Of course, that decision turned out to be one of the worst decisions I've ever made. A semester in it and I found myself just wanting to stop existing altogether. Putting up with all the bullshit, trying to convince myself that I'm doing the right thing, wanting to tear my eyes out as I force myself to study things I don't even care about. Yeah, it didn't take long for me to break down. Did I regret the decision? Not at all. The lesson has to be learned. And quite frankly, there are so many people and experiences I wouldn't have met or experienced if not for that decision. But did it suck? Well hell yeah, it sure did.
So when my brother decided to take up Engineering, it was truly a breath of fresh air. I felt truly relieved that for once, the attention of people wouldn't be on me. Sure, some of my stupid relatives still continue to blab that as the eldest I should've done this or that, but frankly why should I care? Now that they were doting on my brother instead, I could finally live the life that I want. Besides, my brother had to put up with living in my shadow for so long, with me being the eldest, the supposedly more intelligent, the supposedly more promising. Kinda sucked to be him, right? And I was honestly very happy when things took a turn and he started getting more of the attention that was usually reserved for me. I felt good for him that people start recognizing his own talents and taking him for what he is, not just as the kid who is 'my brother'.
He graduated, got top honors, topped the licensure exam, got job offers left and right. It was great. Even more so because this is the life that he wants. Unlike me who was bullied into studying some bullshit course, he really wanted to do this. And seeing him having so much success makes me truly and sincerely happy for him.
I honestly don't know why he decided to resign. Like I said, he's a workaholic and him resigning just seem to be out of character. But then, I really haven't had the chance to ask him why he decided to do so and him not talking about it is something that I respect. He can tell me whenever he wants or he can even choose not to tell me. No big deal. But damn, the mystery is killing me, haha!

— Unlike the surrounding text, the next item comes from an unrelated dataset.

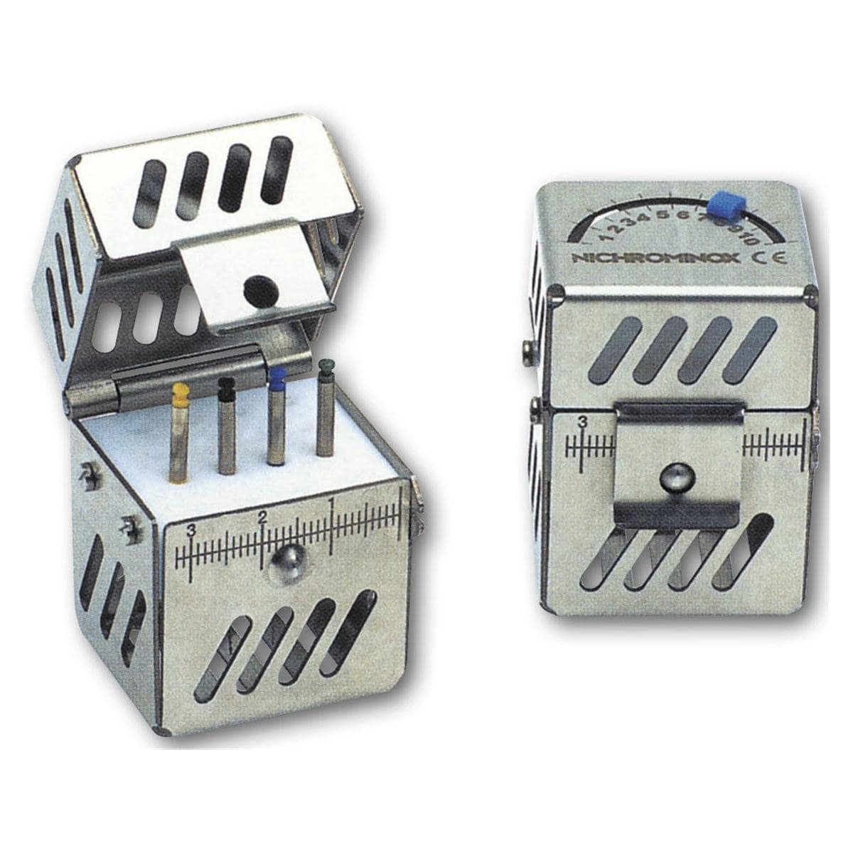 Endo cassette met sterimeter voor de opslag van NiTi endo instrumenten. Endo cassettes kunnen worden gesteriliseerd in een autoclaaf, hete lucht of in een gassterilisator. Met sterimeter

But with the situation as it is, I am now feeling once more that annoying spotlight that I have had the pleasure of not encountering for the past few years. With him being unemployed, it feels like my way of life is being put on the spotlight again, that because I am the big brother, I need to pick up the slack while my brother is in between jobs.
Bummer.
Tuesday, February 16, 2010
Subscribe to:
Post Comments (Atom)


2 comments:
Maybe he got burned out in his job? I have that sometimes, wanting to just drop everything and breathe. Siguro kailangan lang n'yang magpahinga.
As for you, my friend, I think that 'tradition' is BS. Take it easy. We're more or less in the same situation. My brother's graduating in the next couple of months and is preparing for the engineering board exams.

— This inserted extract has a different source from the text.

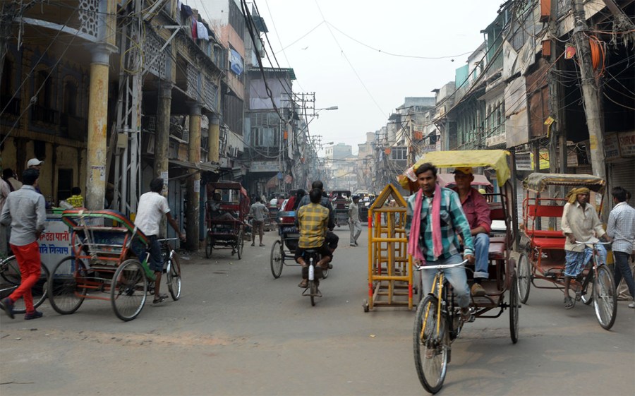 Det här är ingen typisk gata i Old Delhi. Den är alldeles för bred. Men det var lite coolt med alla cykelrikshor.

Luckily my parents and relatives aren't so keen on what I do. They know I'm earning money with this rather unconventional employment setup and that's fine by them. Though sometimes I have that nagging feeling too that maybe they wish I could've done better.
Oh, but what the heck. We're natural born radicals, aren't we? :)
Yeah, I guess that could be the reason. Working graveyard shifts is hell. But whatever the reason was, I guess I'm just kinda bummed that I have to share some of the food for a while.
But it sure is glad to know that another eldest kid share the same feelings. High five!
And best of luck to your brother as well. Viel glück!